Due to Sunday's unseasonably warm weather, the Phillips Collection's music room was like a winter coat in June. The thick, stifling air might have created an ideal setting for dozing off, had it not been for the Lieurance Woodwind Quintet's vibrant performance.
The quintet, all faculty artists at Wichita State University, kept the audience alert with an unconventional and varied program. Anton Reicha's Quintet in D, Op. 99, is a neglected gem of the repertoire. Reicha, a Beethoven contemporary, writes in a somewhat refined late-classical style that treats the five players to gracefully arched tunes and tune fragments bandied about in witty dialogue. Since Reicha's instrument was the flute, most of these thematic niceties were entrusted to flutist Frances Shelly, who performed them with flair and polish.
Ligeti's Six Bagatelles for Wind Quintet is a kind of musical caricature. Its ideas run together at a fast clip, and the Allegro con Spirito is the stuff of which cartoon soundtracks are made. The ensemble as a whole played with sharpness and focus throughout, electrifying the room with the music's inner edginess and bite.

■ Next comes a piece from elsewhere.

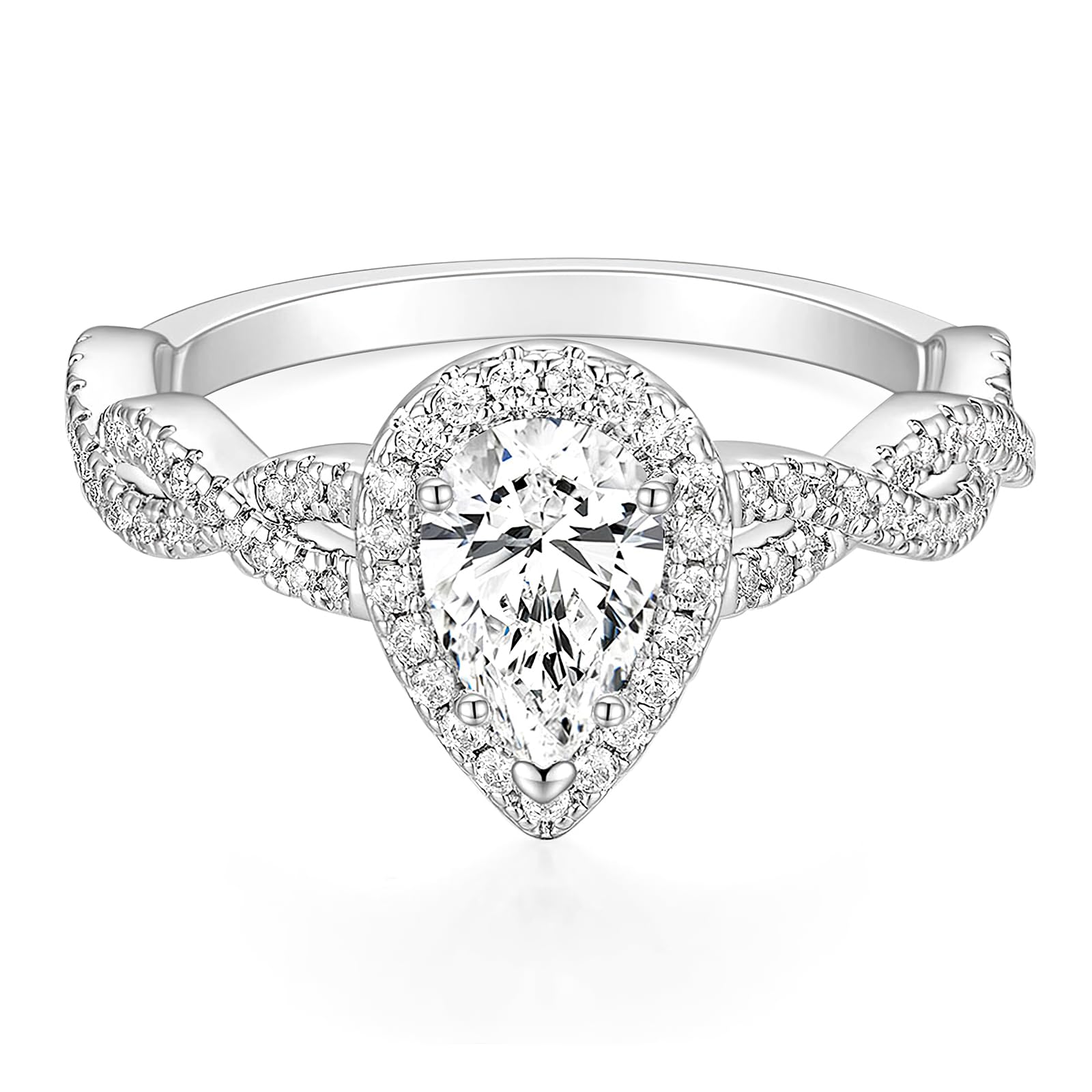 TWISTED HALO & TEARDROP DESIGN: This women’s engagement ring showcases a timeless pear‑shaped center stone surrounded by a sparkling halo, paired with an elegant twisted pave band 5-PRONG SETTING & EXQUISITE INLAY: 5-prong fixed center stone for anti-falling, 1pc 6*9mm teardrop cz stone, 60 pcs

Things nearly screeched to a halt with Theodore Blumer's Serenade and Theme With Variations, Op. 34, a rather long-winded bit of reheated romanticism. Happily, though, the Hindemith "Kleine Kammermusik," Op. 24, brought the quintet back to material similar to that of the Ligeti. Though Hindemith's reworkings of classical idioms can be heavy-handed, the Lieurance musicians always sustained depth and sensitivity in their playing.